When you retype the data, keep every word exactly and include none of the pictures.

(Beginning of Excerpted data)

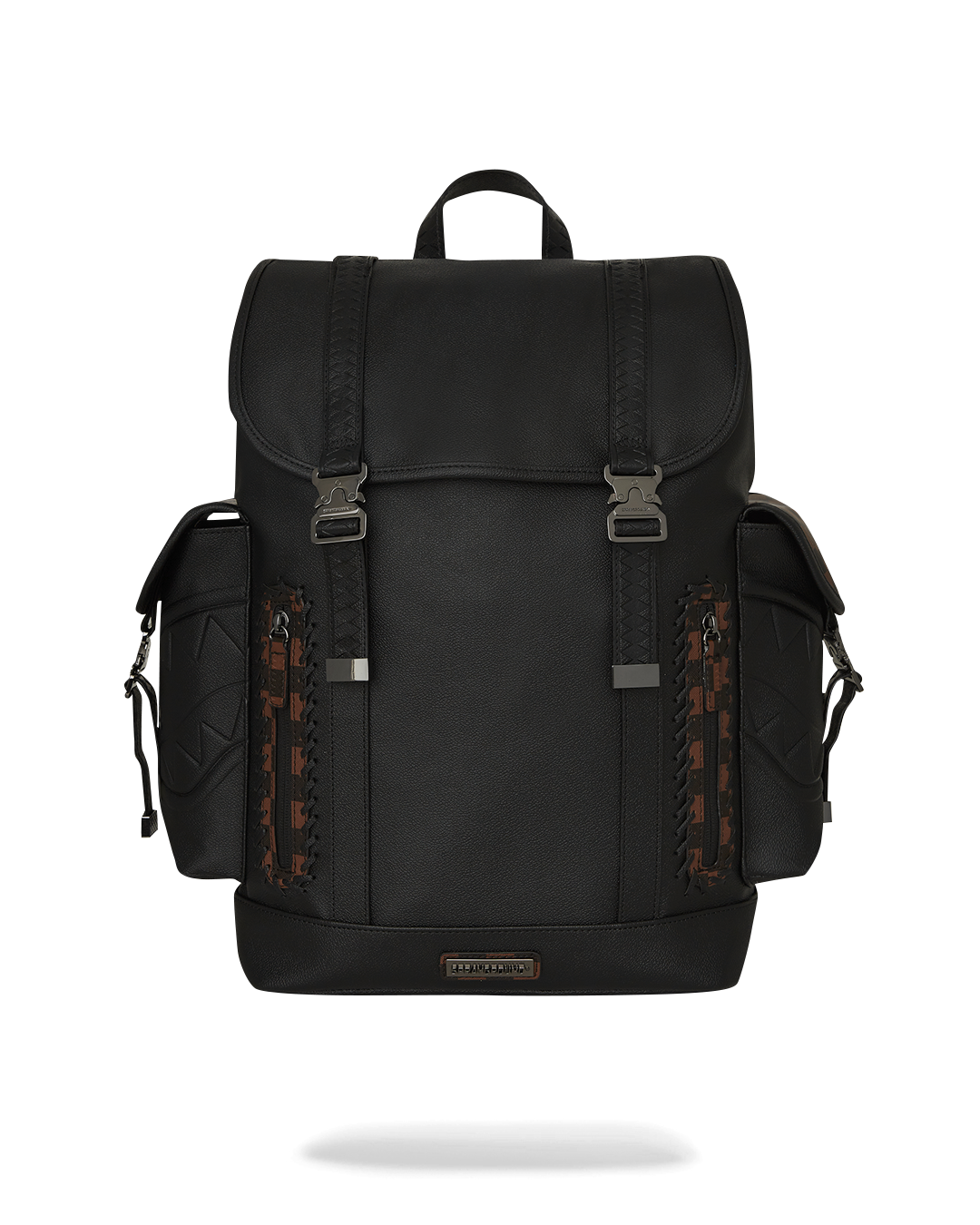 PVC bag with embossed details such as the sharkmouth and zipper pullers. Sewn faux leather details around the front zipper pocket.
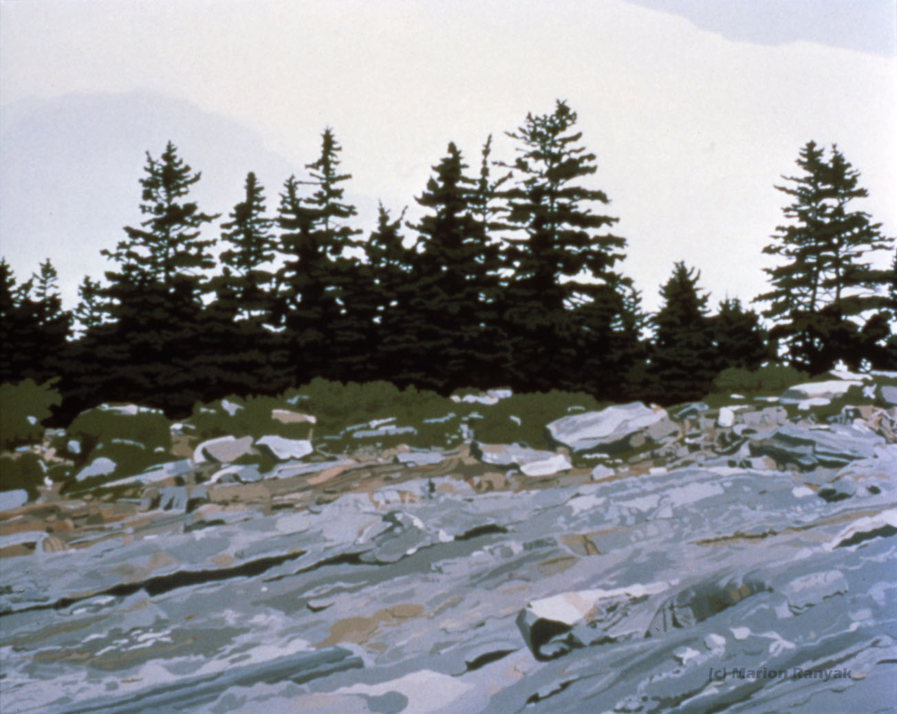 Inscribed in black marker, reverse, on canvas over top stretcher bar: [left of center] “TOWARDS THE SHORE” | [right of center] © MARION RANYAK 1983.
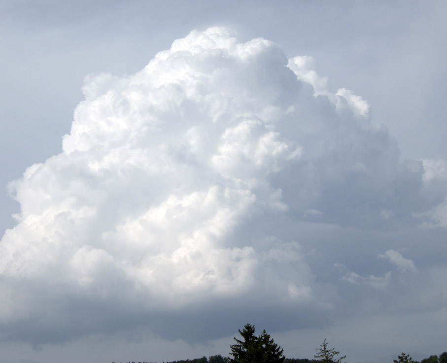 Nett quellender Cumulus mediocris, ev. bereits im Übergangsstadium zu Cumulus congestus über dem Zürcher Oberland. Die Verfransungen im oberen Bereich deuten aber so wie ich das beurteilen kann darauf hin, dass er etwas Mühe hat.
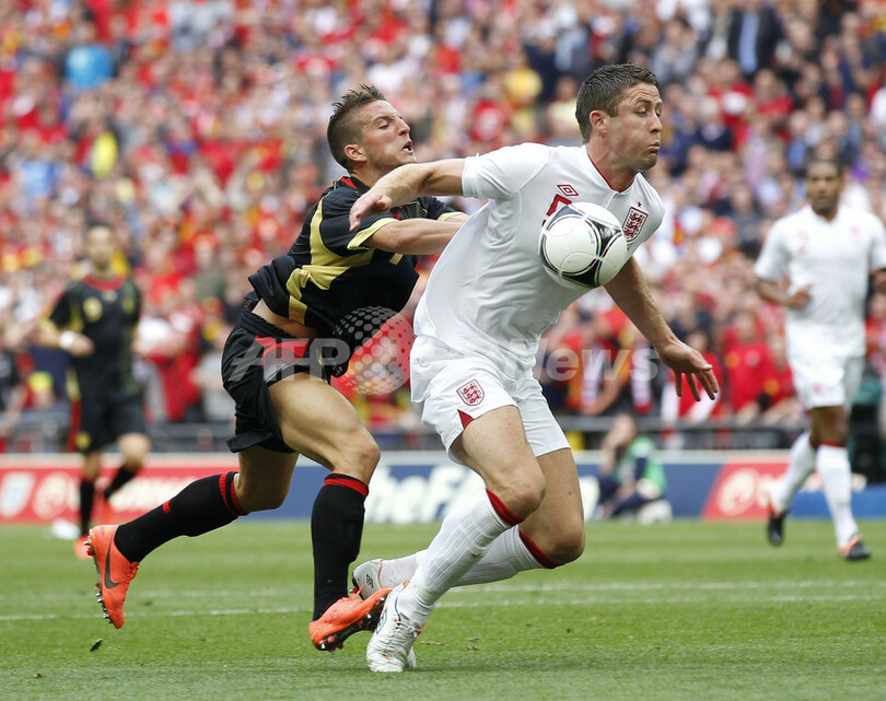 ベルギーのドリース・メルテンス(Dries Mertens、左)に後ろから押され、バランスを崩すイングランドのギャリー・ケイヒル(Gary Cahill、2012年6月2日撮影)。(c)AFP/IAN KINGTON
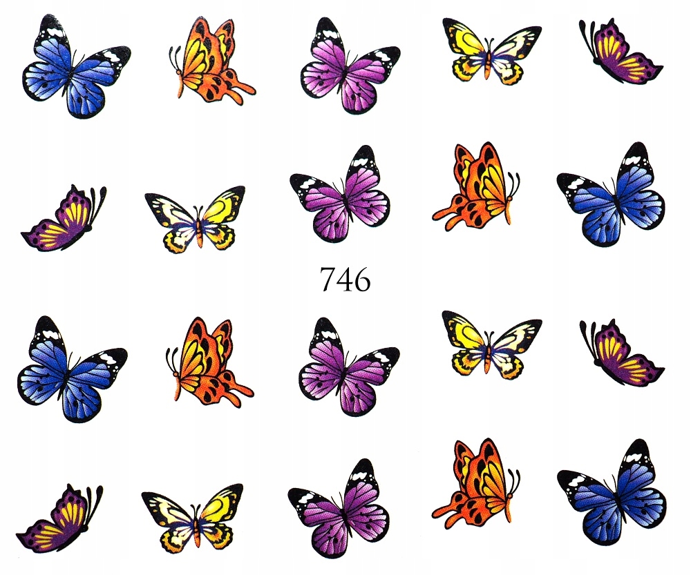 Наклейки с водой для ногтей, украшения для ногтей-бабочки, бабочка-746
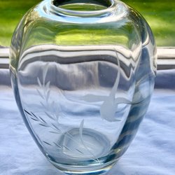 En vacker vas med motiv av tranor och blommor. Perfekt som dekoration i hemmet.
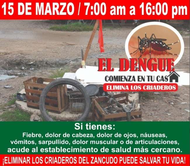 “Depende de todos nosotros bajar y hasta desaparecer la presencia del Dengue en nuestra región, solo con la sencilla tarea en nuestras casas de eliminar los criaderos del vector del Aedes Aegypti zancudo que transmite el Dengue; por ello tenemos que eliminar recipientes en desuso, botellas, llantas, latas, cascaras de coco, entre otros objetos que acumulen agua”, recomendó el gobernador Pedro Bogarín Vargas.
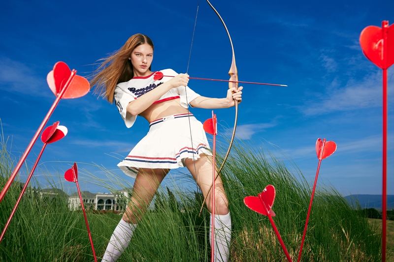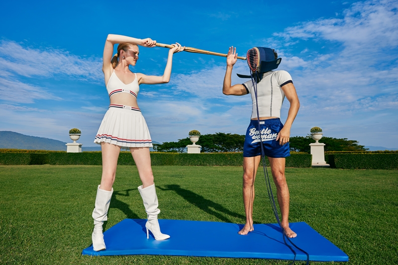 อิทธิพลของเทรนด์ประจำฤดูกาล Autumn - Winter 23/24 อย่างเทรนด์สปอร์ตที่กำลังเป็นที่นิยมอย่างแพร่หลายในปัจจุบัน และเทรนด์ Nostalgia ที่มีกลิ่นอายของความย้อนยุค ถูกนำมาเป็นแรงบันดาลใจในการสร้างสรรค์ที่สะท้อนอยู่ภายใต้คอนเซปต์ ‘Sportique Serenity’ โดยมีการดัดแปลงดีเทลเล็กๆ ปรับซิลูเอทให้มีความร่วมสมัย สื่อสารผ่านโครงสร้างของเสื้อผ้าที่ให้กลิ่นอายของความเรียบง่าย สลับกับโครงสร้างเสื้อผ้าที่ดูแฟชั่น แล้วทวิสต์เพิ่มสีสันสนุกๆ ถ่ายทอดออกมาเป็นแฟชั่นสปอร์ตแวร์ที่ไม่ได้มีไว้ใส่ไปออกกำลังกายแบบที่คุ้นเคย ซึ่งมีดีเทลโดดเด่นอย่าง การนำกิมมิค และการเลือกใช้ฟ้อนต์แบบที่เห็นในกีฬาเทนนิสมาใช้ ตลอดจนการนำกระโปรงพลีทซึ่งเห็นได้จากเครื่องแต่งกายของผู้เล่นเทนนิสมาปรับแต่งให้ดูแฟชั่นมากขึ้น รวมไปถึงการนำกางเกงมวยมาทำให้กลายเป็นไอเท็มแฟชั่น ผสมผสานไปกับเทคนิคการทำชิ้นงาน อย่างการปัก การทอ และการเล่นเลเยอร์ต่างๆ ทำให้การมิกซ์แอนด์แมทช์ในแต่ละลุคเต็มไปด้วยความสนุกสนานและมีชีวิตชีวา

(End of Excerpted data)

* Task result
 PVC bag with embossed details such as the sharkmouth and zipper pullers. Sewn faux leather details around the front zipper pocket.
 Inscribed in black marker, reverse, on canvas over top stretcher bar: [left of center] “TOWARDS THE SHORE” | [right of center] © MARION RANYAK 1983.
 Nett quellender Cumulus mediocris, ev. bereits im Übergangsstadium zu Cumulus congestus über dem Zürcher Oberland. Die Verfransungen im oberen Bereich deuten aber so wie ich das beurteilen kann darauf hin, dass er etwas Mühe hat.
 ベルギーのドリース・メルテンス(Dries Mertens、左)に後ろから押され、バランスを崩すイングランドのギャリー・ケイヒル(Gary Cahill、2012年6月2日撮影)。(c)AFP/IAN KINGTON
 Наклейки с водой для ногтей, украшения для ногтей-бабочки, бабочка-746
 En vacker vas med motiv av tranor och blommor. Perfekt som dekoration i hemmet.
 “Depende de todos nosotros bajar y hasta desaparecer la presencia del Dengue en nuestra región, solo con la sencilla tarea en nuestras casas de eliminar los criaderos del vector del Aedes Aegypti zancudo que transmite el Dengue; por ello tenemos que eliminar recipientes en desuso, botellas, llantas, latas, cascaras de coco, entre otros objetos que acumulen agua”, recomendó el gobernador Pedro Bogarín Vargas.
 อิทธิพลของเทรนด์ประจำฤดูกาล Autumn - Winter 23/24 อย่างเทรนด์สปอร์ตที่กำลังเป็นที่นิยมอย่างแพร่หลายในปัจจุบัน และเทรนด์ Nostalgia ที่มีกลิ่นอายของความย้อนยุค ถูกนำมาเป็นแรงบันดาลใจในการสร้างสรรค์ที่สะท้อนอยู่ภายใต้คอนเซปต์ ‘Sportique Serenity’ โดยมีการดัดแปลงดีเทลเล็กๆ ปรับซิลูเอทให้มีความร่วมสมัย สื่อสารผ่านโครงสร้างของเสื้อผ้าที่ให้กลิ่นอายของความเรียบง่าย สลับกับโครงสร้างเสื้อผ้าที่ดูแฟชั่น แล้วทวิสต์เพิ่มสีสันสนุกๆ ถ่ายทอดออกมาเป็นแฟชั่นสปอร์ตแวร์ที่ไม่ได้มีไว้ใส่ไปออกกำลังกายแบบที่คุ้นเคย ซึ่งมีดีเทลโดดเด่นอย่าง การนำกิมมิค และการเลือกใช้ฟ้อนต์แบบที่เห็นในกีฬาเทนนิสมาใช้ ตลอดจนการนำกระโปรงพลีทซึ่งเห็นได้จากเครื่องแต่งกายของผู้เล่นเทนนิสมาปรับแต่งให้ดูแฟชั่นมากขึ้น รวมไปถึงการนำกางเกงมวยมาทำให้กลายเป็นไอเท็มแฟชั่น ผสมผสานไปกับเทคนิคการทำชิ้นงาน อย่างการปัก การทอ และการเล่นเลเยอร์ต่างๆ ทำให้การมิกซ์แอนด์แมทช์ในแต่ละลุคเต็มไปด้วยความสนุกสนานและมีชีวิตชีวา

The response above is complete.